Given information: Begin
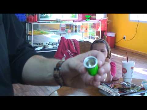 The I Want My Pea trick uses a small brass can and a handful of peas to build up
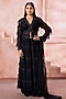 Featuring a black ruffled kurta in tulle base. It is paired with a bustier, sharara pants and a dupatta. Accentuate it with silver jewellery, embellished heels and a clutch for a festive occasion or a sangeet ceremony.
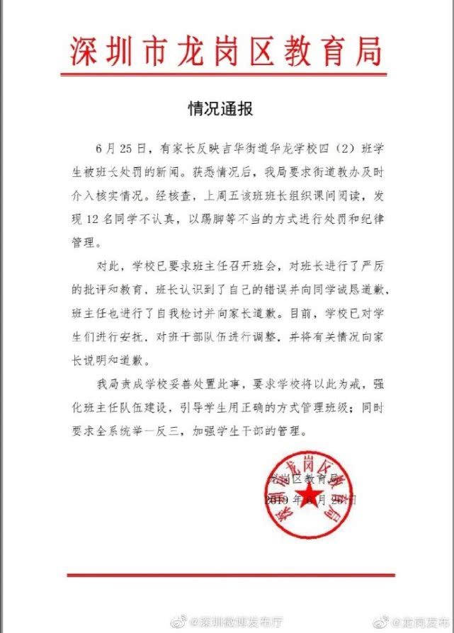 深圳新闻网2019年6月26日讯 近日,关于深圳一小学班长对同学拳打脚踢的舆情网上热传?记者26日从龙岗区教育局获悉,该班班长确实对12名学生以踢脚等不当方式进行纪律管理。事情发生后,学校已对该班班长进行了严厉的批评教育,该班班主任也进行自我检讨和道歉。目前,学校已对学生进行安抚,对班干部队伍进行了调整。
Given information: End
Work instructions ->
The line containing "Featuring a black" marks the end: retype every line from the first one in the listing up to and including it, without pictures.

Answer to the exercise ->
 The I Want My Pea trick uses a small brass can and a handful of peas to build up
 Featuring a black ruffled kurta in tulle base. It is paired with a bustier, sharara pants and a dupatta. Accentuate it with silver jewellery, embellished heels and a clutch for a festive occasion or a sangeet ceremony.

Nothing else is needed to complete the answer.